Eric Bouldwin v. State

CourtCourt of Appeals of Texas
DecidedFebruary 25, 2003
Docket07-02-00156-CR
StatusPublished

This text of Eric Bouldwin v. State (Eric Bouldwin v. State) is published on Counsel Stack Legal Research, covering Court of Appeals of Texas primary law. Counsel Stack provides free access to over 12 million legal documents including statutes, case law, regulations, and constitutions.

Bluebook
Eric Bouldwin v. State, (Tex. Ct. App. 2003).

Opinion

NO. 07-02-0156-CR

IN THE COURT OF APPEALS

FOR THE SEVENTH DISTRICT OF TEXAS

AT AMARILLO

PANEL E

FEBRUARY 25, 2003

______________________________

ERIC DARNELL BOULDWIN, APPELLANT

V.

THE STATE OF TEXAS, APPELLEE

_________________________________

FROM THE 230TH DISTRICT COURT OF HARRIS COUNTY;

NO. 873010; HONORABLE BELINDA HILL, JUDGE

_______________________________

Before QUINN and REAVIS, JJ., and BOYD, S.J.*

On April 19, 2001, upon his plea of guilty, appellant Eric Darnell Bouldwin was

adjudged guilty of the offense of possession of a controlled substance weighing more than

four grams but less than 200 grams.

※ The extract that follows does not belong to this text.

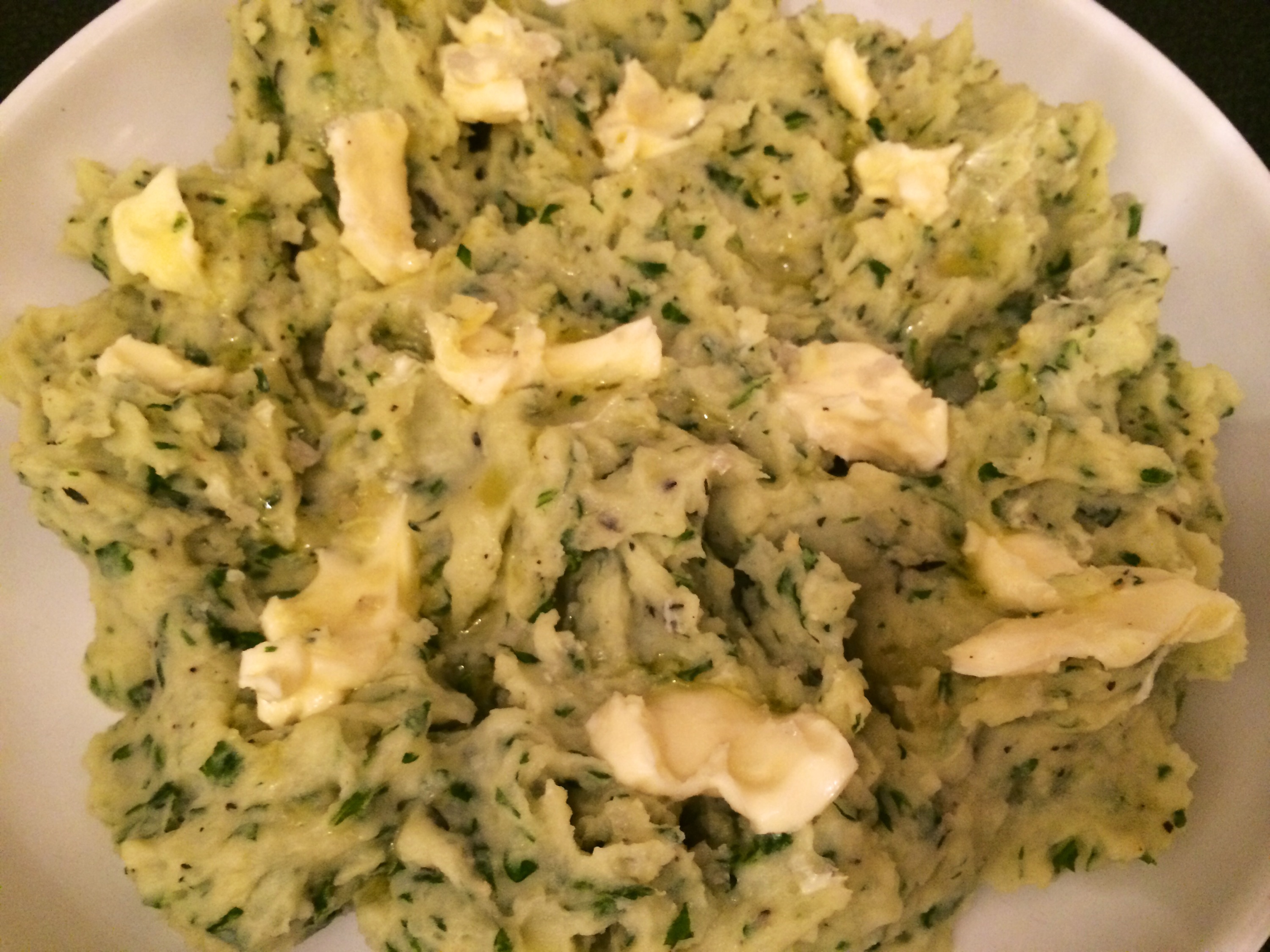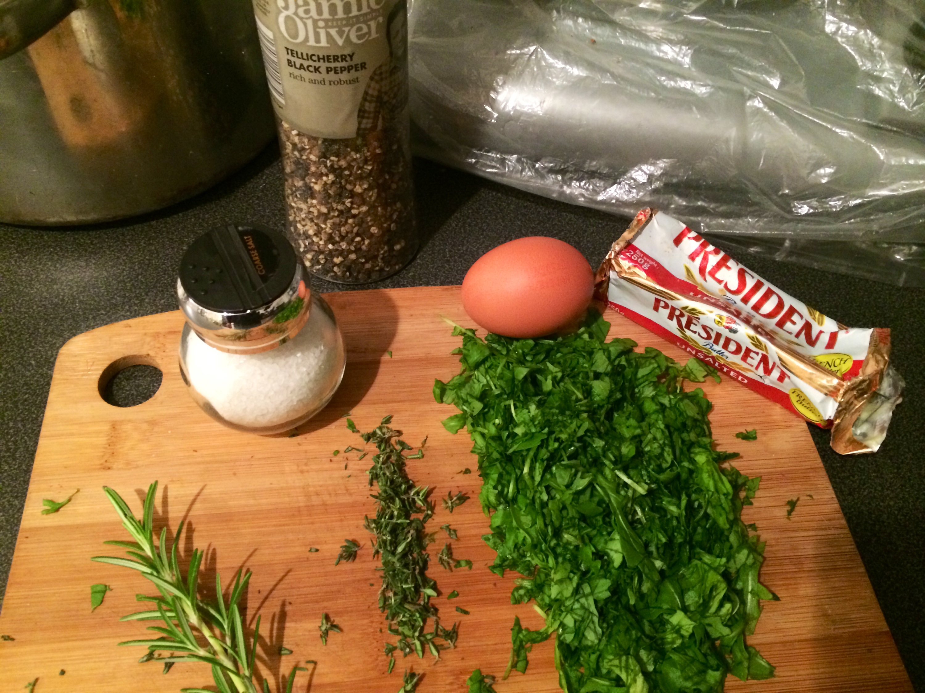 For buttery herby mash. Rocket, rosemary and thyme chopped up ..

In accordance with a plea bargain, he was placed on

* John T. Boyd, Chief Justice (Ret.), Seventh Court of Appeals, sitting by assignment. Tex. Gov’t Code Ann. §75.002(a)(1) (Vernon Supp. 2003). probation (community supervision) for a period of three years. On February 19, 2002, after

hearing, appellant’s probation was revoked and he was ordered to serve a three year

sentence in the Institutional Division of the Department of Criminal Justice and in addition

was ordered to pay a fine of $500. Appellant gave timely notice of appeal from the

conviction.

On January 31, 2003, we received appellant’s motion to withdraw his notice of

appeal and to dismiss the appeal. His attorney joined in the motion. Because appellant’s

motion meets all the requirements of Texas Rule of Appellate Procedure 42.2(a), and

because this court has not delivered its decision prior to receiving appellant’s motion, the

motion must be, and is hereby, granted.

Having dismissed the appeal at appellant’s request, no motions for rehearing will

be entertained and our mandate will issue forthwith.